The night before Barack Obama’s inauguration we watched the 1998 movie ‘Patch Adams‘. It turns out that Patch has a bit in common with Mr Obama. Both can provide us with inspiration for dealing with challenging times and for getting more life out of life.

Patch Adams is an American doctor who believes, literally, that laughter is the best medicine. He was made famous by the aforementioned film which was inspired by his life. You may remember it starred Robin Williams. Patch eschews what he sees as the over-seriousness and false hierarchy dominating western medical care. He also likes acting the clown.

Barack Obama is President of the United States. (I know that you know that, but that’s the first chance I’ve had to write it as a statement of fact rather than hope). Obama has a great respect for the traditions which keep history alive. He has little respect for conventions which kill off innovation and original thought.

The powerful quality shared by Adams and Obama is what we might call ‘selective conformity’.

From very early in our lives, most of us start carrying with us a swag of social norms. Doing so is essential to acceptance. Society isolates and casts out those who are excessively different in the same way that the immune system wards off germs.

Unfortunately we become so used to carrying our collection of conformances with us that we forget to set them aside at times when they are no longer useful.

Our norms have us accepting outdated work practices. They cause us to disregard interesting but risky ideas, hampering innovation. They see us granting respect to position rather than merit. They allow racism and other discriminations to fester. They keep many in dead-end jobs and spiritless lifestyles. They promote government and business cultures in which political agendas and ideology stifle enterprise for the common good, the knee-jerk outnumbers the thought-through and mediocrity is the only winner.

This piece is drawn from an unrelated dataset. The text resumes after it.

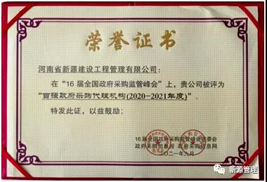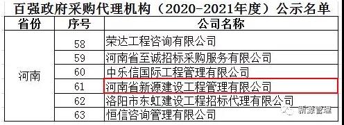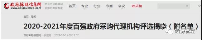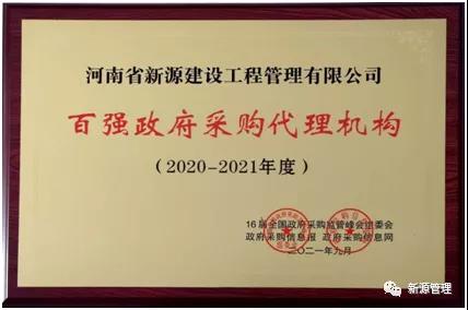 喜報|河南新源公司榮獲國家級榮譽“百強政府采購代理機構(2020-2021年度)”

Selective conformity allows those who possess it to carry enough norms with them to achieve acceptance but not so many that they are held back. It allows a doctor to wear a red nose if it makes his patient laugh and a president to appoint a cabinet member from the previous administration because he’s the best man for the job.

Of course, selective conformity is available to all of us. We can all draw on it by being honest with ourselves, by asking ‘why?’ more often, by challenging the status quo as an end in itself. It does require courage, taking us closer as it does to the precipice of social unacceptance. But I suspect we’d all find some liberation in the lighter load.